Il est possible de remettre en cause la règle de la réserve héréditaire dans le cas d’une succession opérée à l’étranger.
Il est possible de s’affranchir des règles du droit français des successions qui protège le conjoint et les descendants directs via le mécanisme de la réserve héréditaire.
A l’origine de cette prise de position très remarquée de la Cour de cassation, deux affaires opposant les héritiers de deux célèbres compositeurs de nationalité française installés aux Etats-Unis et y ayant chacun construit une famille recomposée (Cass. civ. 1ère du 27 septembre 2017, n° 16-13.151 et n° 16-17198).
Le mécanisme de la réserve héréditaire
Si chacun peut librement disposer de son patrimoine que ce soit sous forme de donation ou par voie successorale, ce principe doit s’exercer dans une limite : la réserve héréditaire qui bénéficie principalement aux descendants de l’intéressé.
Le Code civil fixe des règles impératives protégeant les héritiers réservataires. L’article 913 du Code civil précise ainsi que « les libéralités, ou par acte entre vifs ou par testament, ne peuvent excéder la moitié des biens du disposant s’il ne laisse à son décès qu’un enfant, le tiers s’il laisse deux enfants, le quart s’il en laisse trois ou un plus grand nombre ». Il est cependant toujours possible de disposer librement de la partie de son patrimoine excédant la réserve héréditaire : c’est la quotité disponible.
Lorsque, le montant donné ou légué dépasse le montant de la quotité disponible, la libéralité (donation ou legs) doit être réduite au bénéfice de la réserve héréditaire au moment de l’ouverture de la succession.
Des family trusts bénéficiant à des héritiers aux Etats-Unis
Les deux musiciens, l’un parti en Californie au début des années 50, l’autre dans les années 70, ont utilisé la même technique successorale pour gratifier leurs dernières épouses respectives et les enfants qu’ils ont eus avec elles, désavantageant par là-même leurs enfants nés de leurs précédentes unions.
Ils ont chacun créé un family trust de droit californien auquel a été transféré tous leurs biens, y compris des immeubles parisiens détenus via des SCI de droit français. Les épouses sont les bénéficiaires exclusives de ces trusts. Un testament leur attribue la totalité des biens mobiliers dont les droits afférents aux compositions musicales.
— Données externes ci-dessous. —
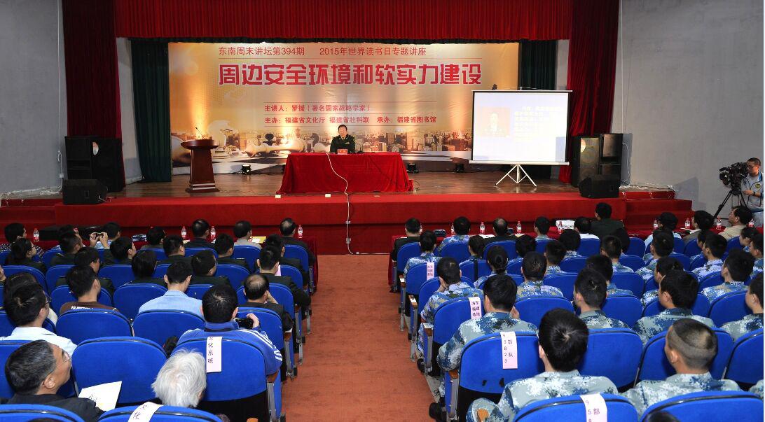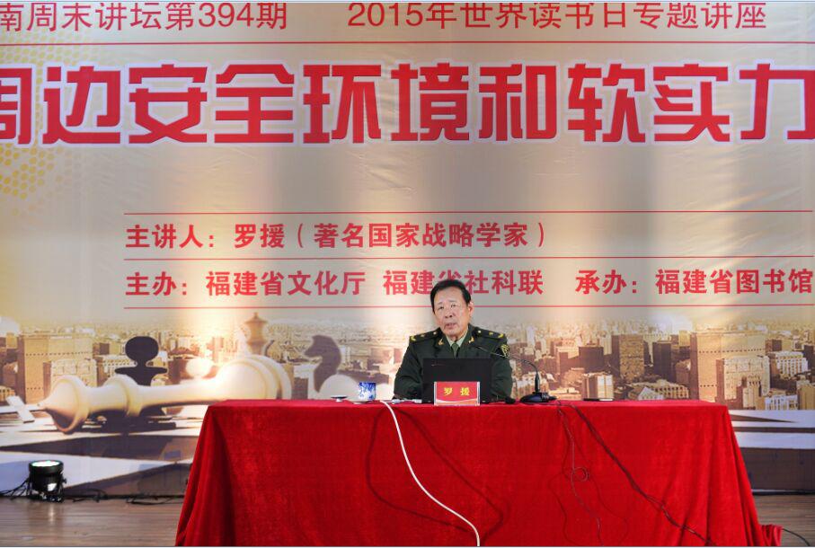 作为2015年世界读书日活动的重头戏,4月25日福建省图书馆“东南周末讲坛”特邀中国军事科学院世界军事研究部原副部长、研究员、博士生导师,著名国际战略学家罗援少将,主讲《周边安全环境和软实力建设》。这场面向大众的讲座,同时省文化厅也作为国防教育和中心组的学习内容,讲座由省文化厅党组成员、驻厅纪检组长张佩煌主持,省社科联党组书记、副主席冯潮华致辞,海军福建基地、中国人民解放军61716部队等多位军地领导参加了讲座。
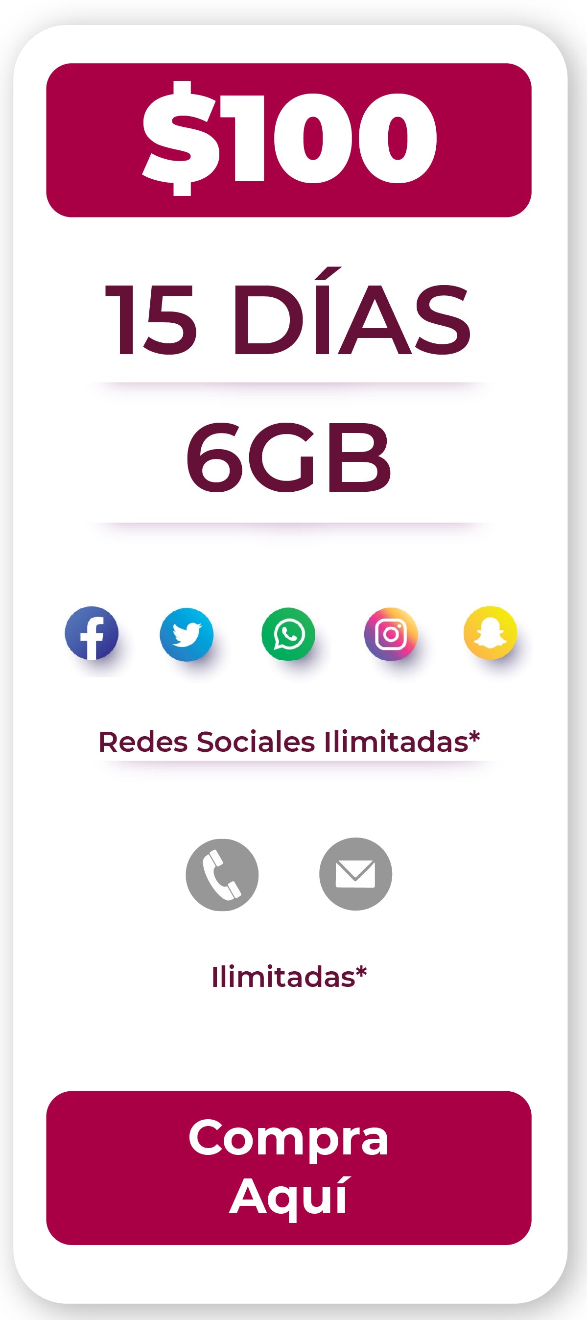 Obtén 6 GB para navegar durante 15 días, además tus redes sociales incluidas más llamadas y SMS.
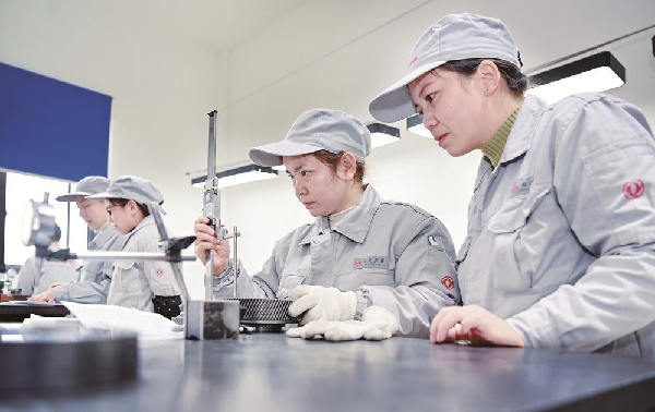 东风汽车零部件(集团)有限公司刃量具分公司齿轮车间检查班是一个女职工占多数的班组。该班组坚决贯彻质量管理“三不”(不接受不合格品、不制造不合格品、不流出不合格品)原则,大幅降低不良品流出;坚持提升服务质量,通过每班一小时的延班,产品首检等待时间大大缩短。图为班组女职工认真检查产品质量。
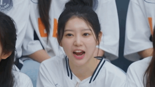 a girl in a white shirt with the letter l on the front
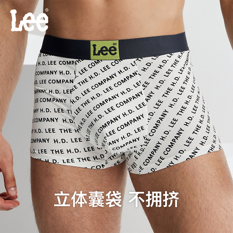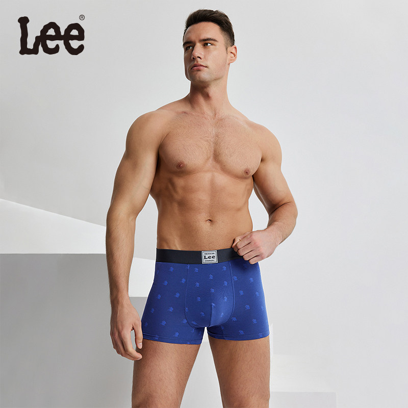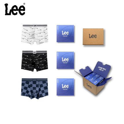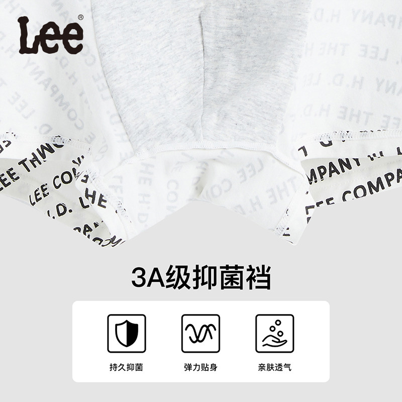 Lee品牌高档内衣字母满印设计感时尚潮流纯棉内裤贴身短裤三条装
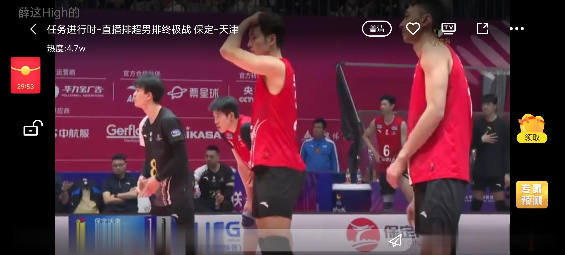 拉扎尔进攻打中18-21,薛志宏进攻打中,天津左右开弓,两个点都能下分,河北这连就靠温子华,有些困难。挑战触网成功,今天这裁判太多挑战成功了。阿利生气了。薛志宏进攻打中19-21,不要受一个球的影响,天津毕竟领先的。温子华强攻打中20-22。
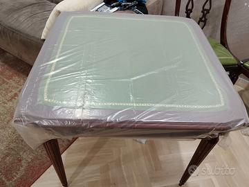 disponibile tavolo in legno massello da gioco in pelle bulgara con quattro sedie età suoi 40 anni in buono stato il prezzo è di 500 EURo no chiamare dopo le ore 20
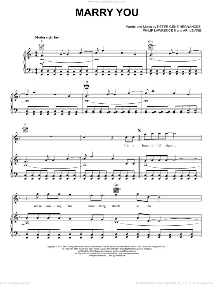 Bruno Mars: Marry You for voice, piano or guitar, intermediate sheet music. High-Quality and Interactive, transposable in any key, play along. Includes an High-Quality PDF file to download instantly. Licensed to Virtual Sheet Music® by Hal Leonard® publishing company.
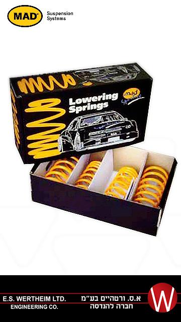 קפיצי הנמכה לרכב מנמיכים את גובהו של הרכב, מדובר בקפיצי הנמכה המיוצרים תחת אבטחת איכות ISO, מאפשרים מראה ספורטיבי ושיפור אחיזת הכביש, קפיצי ההנמכה לרכב של MAD מיוצרים בהתאמה אישית לכל רכב!
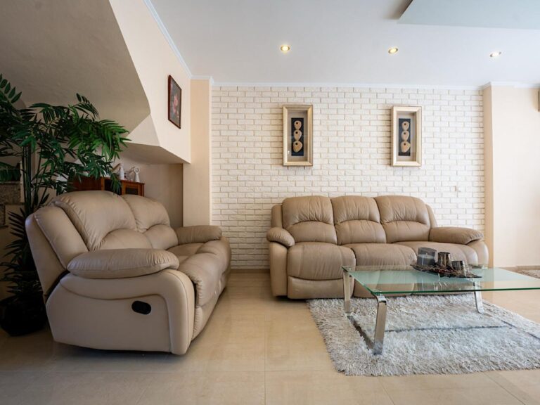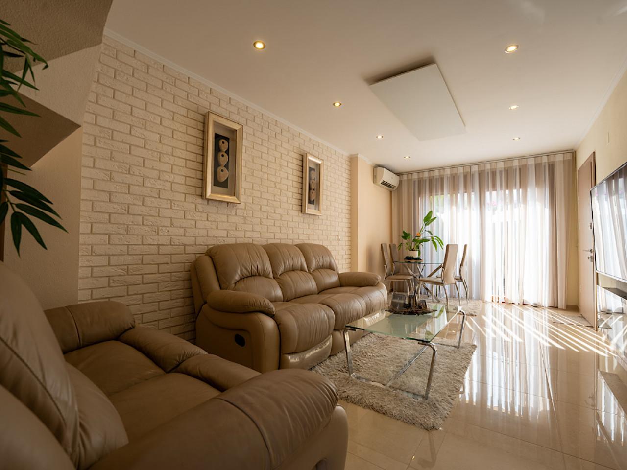 Es umfasst alle Möbel und Ausstattungen, die auf den Fotos zu sehen sind: drei Großbildfernseher (50„ bis 65“), Deckenventilatoren, gepflegte Dekoration, Haushaltsgeräte von führenden Marken wie Bosch-Geschirrspüler und Ariston-Warmwasserbereiter mit WLAN, Panasonic-Klimaanlage und Infrarotheizung in jedem Raum für einen effizienten Verbrauch.
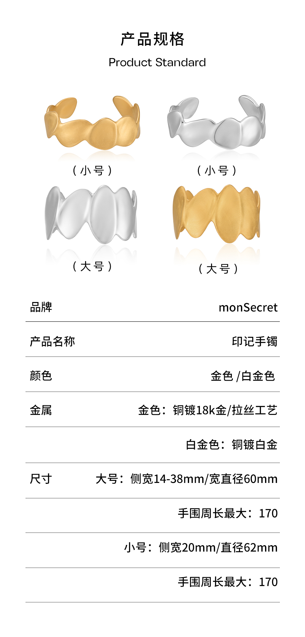 monSecret|PURE0401 印记窄版手镯【PURE】 [ 金 / 银 ]

Quels droits pour les héritiers français ?
Les enfants français des précédentes unions des deux compositeurs ont tenté de faire valoir leurs droits sur l’héritage de leur père devant le juge français. Ils ont notamment demandé que soit appliquée la loi du 14 juillet 1819 qui a pour objectif de protéger les héritiers français des effets d’une loi successorale étrangère qui les discriminerait, en l’espèce la loi californienne qui méconnait la réserve héréditaire.
Ce texte leur permettait en théorie d’opérer un prélèvement sur les redevances versées par la SACEM et sur les parts détenues dans une SCI. Le Conseil constitutionnel, saisi qu’une question prioritaire de constitutionnalité dans le cadre de ce conflit, a conclu en 2011 que cette loi méconnaissait le principe d’égalité et l’a abrogée. Les héritiers n’avaient donc plus la possibilité de s’en prévaloir, quelque soit la date du décès de leur père.
Quel avenir pour la réserve héréditaire ?
Pour les héritiers français, la réserve héréditaire, ayant pour vocation de protéger la pérennité économique et sociale de la famille, l’égalité des enfants et les volontés et libertés individuelles des héritiers, constitue un principe essentiel du droit français relevant de l’ordre public international. Une loi étrangère ne peut y contrevenir.
Pour la Cour de cassation, une loi étrangère désignée par la règle de conflit qui ignore la réserve héréditaire n’est pas en soi contraire à l’ordre public international français. Cette loi ne peut être écartée si et seulement si son application concrète conduit à une situation incompatible avec les principes du droit français considérés comme essentiels. En l’espèce, les héritiers français, tous majeurs, ne se trouvent pas dans une situation de précarité économique, qui justifierait d’écarter l’application de la loi californienne.